Deadly Turkish strike claims life of female worker in NE Syria

By Nalin Ali

QAMISHLI, Syria (North Press) – Aya Ali al-Muhammad, 18, a young girl from the countryside of Qamishli in northeast Syria, woke up on Dec. 25, 2023, to go to work as usual, but she did not come home alive, as she died in a Turkish drone attack that targeted her workplace under the pretext of “protecting the Turkish national security”. 

Aya used to wear her clothes and put her scarf before heading to work at a warehouse of the cotton gin on the nearby street. This was a daily routine she had become accustomed to.  

Since 2002, Aya’s family has moved from the village of Hajiya Saghira in the south of Qamishli to Umm al-Fursan, a village that is adjacent to the city of Qamishli, in search of work to secure their basic needs.

The young woman could not read or write because she did not go to school as families of the remote areas are not interested in education, especially for girls. 

She loved playing, joking, and taking care of her clothes and elegance, her parents told North Press. She decided to help her father and brother by working to bear the burdens of family’s living conditions. 

The workshop targeted by a Turkish drone on Dec. 25, 2023 was known as Haji Jassim’s Mill in Umm al-Fursan. There were machines for cotton ginning and grains’ grinding. ​

Determined to work 

As usual, Aya did not have breakfast. She used to leave for work in the early morning before the sunrise. She worked for eight hours in ginning packed cotton in bags. 

Aya was determined to work. She was working cheerfully, her father said. “Aya was enjoying joking.” ​

Aya’s father, Ali al-Muhammad, 55, is an employee at the Qamishli Municipality of the Autonomous Administration of North and East Syria (AANES). He works on tending trees.

His daughter used to work alongside other girls, including her relatives and friends, in nearby agricultural tasks or in loading and unloading goods for warehouses and scrap yards close to her home. 

She was not a fighter 

On Dec. 25, 2023, the female workers in Umm al-Fursan were working to finish ginning the small remaining quantity of cotton. 

A few kilometers away in the same city, Christian communities were celebrating Christmas in their homes and churches, and the institutions of both the Syrian government and the AANES were closed on that day for Christmas holiday. 

However, private civilian workshops kept operating, as a working day is important for the workers and laborers who receive a daily wage for their actual working days. Despite her suffering from a pimple in her finger, Aya insisted on completing her work to receive a full day’s wage, which amounted to 25,000 SYP (about $1.5). 

On that day, Turkey bombed several sites in Qamishli including the Simav printing press house and a factory producing air conditioner straw in Allaya neighborhood. 

The workers in their workshops do not receive detailed news updates, and choosing to stop working with every bombing means that they will not work. 

Workshop owner, Ahmad al-Muheimid, said the workshop is a civilian facility and is not affiliated with any military party. However, a Turkish drone attacked it with a shell, killing Aya and injuring two others.

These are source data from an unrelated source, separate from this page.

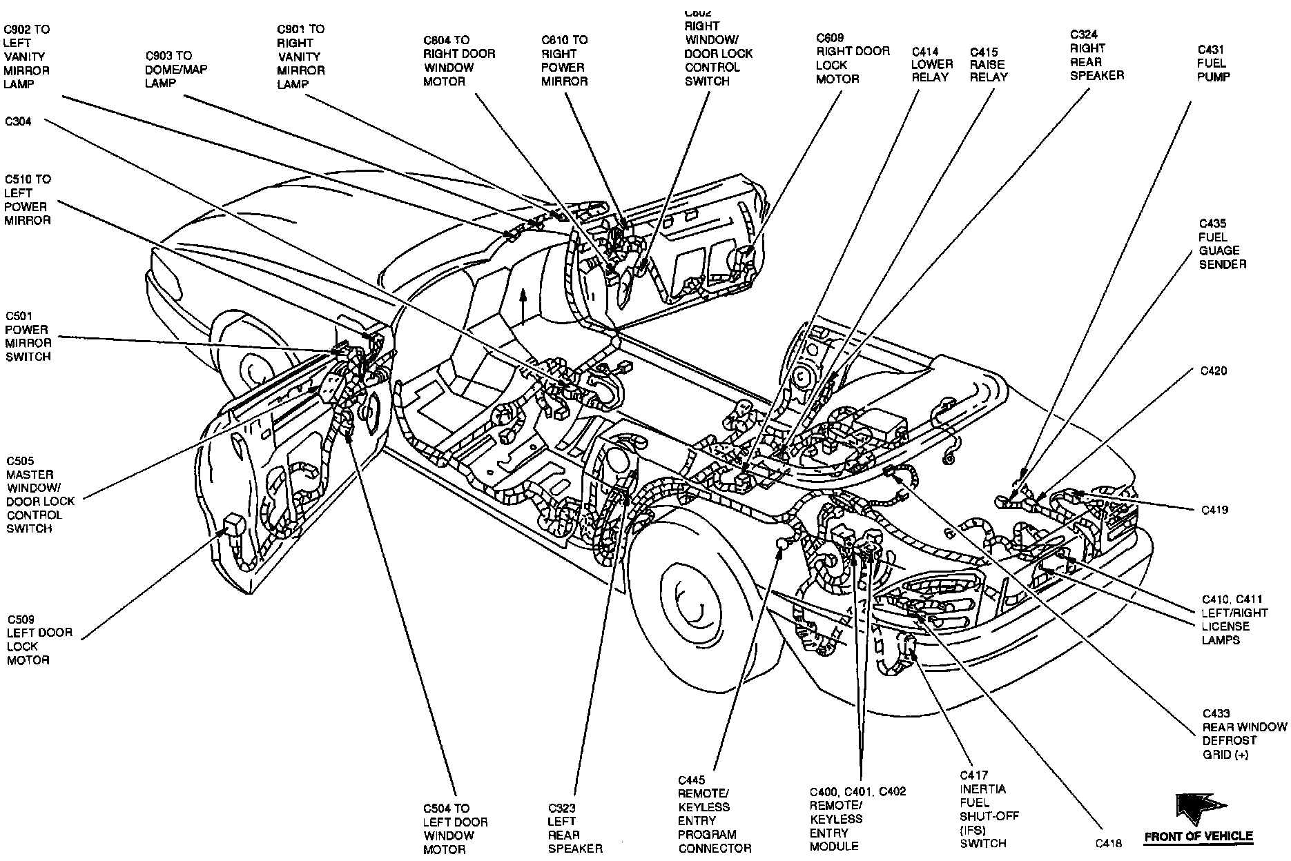 The Remote/Keyless Entry Program Connector is located at the LH rear of trunk, behind side trim.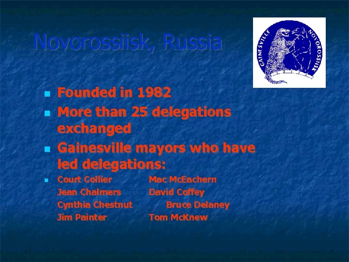 Novorossiisk, Russia Founded in 1982 More than 25 delegations exchanged Gainesville mayors who have led delegations: Court Collier Jean Chalmers Cynthia Chestnut Jim Painter Mac Mc. Eachern David Coffey Bruce Delaney Tom Mc. Knew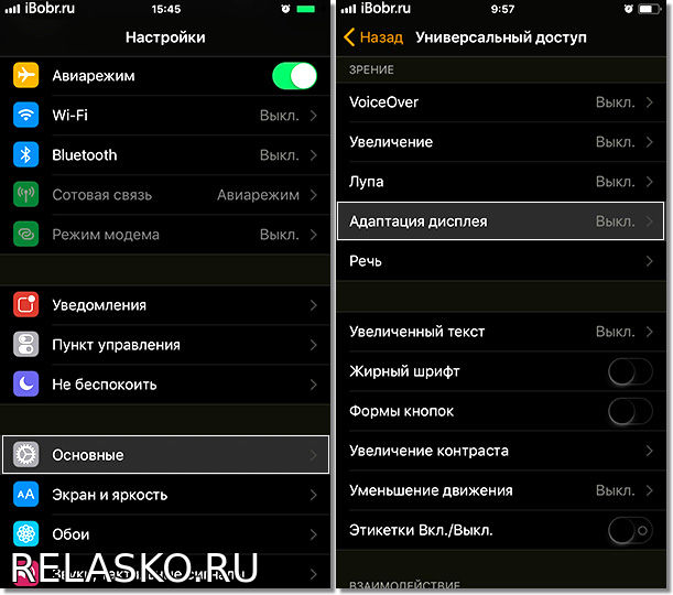 Запускаем на рабочем столе iPhone приложение Настройки – Основные – Универсальный доступ – Адаптация дисплея

After the strike, the workers checked their injuries, and they saw Aya lying on the ground, thinking she fell unconscious, as the mother recounted. 

A young man who was working there hospitalized her and the two injured female workers. Throughout the way, the other workers accompanied them tried to wake her up by calling her and moving her but in vain.

Security of Turkish border

At 3:00 PM, one of the neighbors rushed to the family’s house and informed the father that Aya’s hand was injured while she was working, and she was taken to the hospital. The neighbor said so in an attempt to mitigate the shock. 

The parents rushed without realizing that the recent bombing they heard and spread horror among their young children targeted the workshop where their daughter worked. 

“We went to Dar al-Shifaa hospital, to be informed that she passed away,” Ali, Aya’s father said. “A shrapnel penetrated her back and hit her heart.” 

Turkey claimed that targeting facilities in NE Syria on Christmas Day and in the days before that resulted in the killing of several individuals, enhanced its border security. It announced the destruction of 50 facilities where it claimed they were affiliated with the Kurdistan Workers’ Party (PKK).  

The cotton ginning workshop is located in a neighborhood mostly inhabited by families from Arab tribes, including the workshop owner and the female workers. 

The facility owner confirmed that his business project was not related to any military or political entity. He estimated his financial loss at around $10,000, and he hoped the two injured workers would be recovered, but he mourned the innocent girl, Aya. 

In October 2023, five women were injured while working in cotton harvesting in shelling by the Turkish forces on a village near the town of Derbasiyah, north of Hasakah. 

The father recalled that his daughter dreamed of improving financial conditions of her family and she was eager to work to support them. 

The mother noted that everyone living in this country is forced to work tirelessly. Even women and the elderly have not stopped working hard for ten years. 

“It is a crime. We did not send her to fight or to a dangerous place. She was a worker in a civilian workshop, and finally a drone killed her,” the mother said sadly.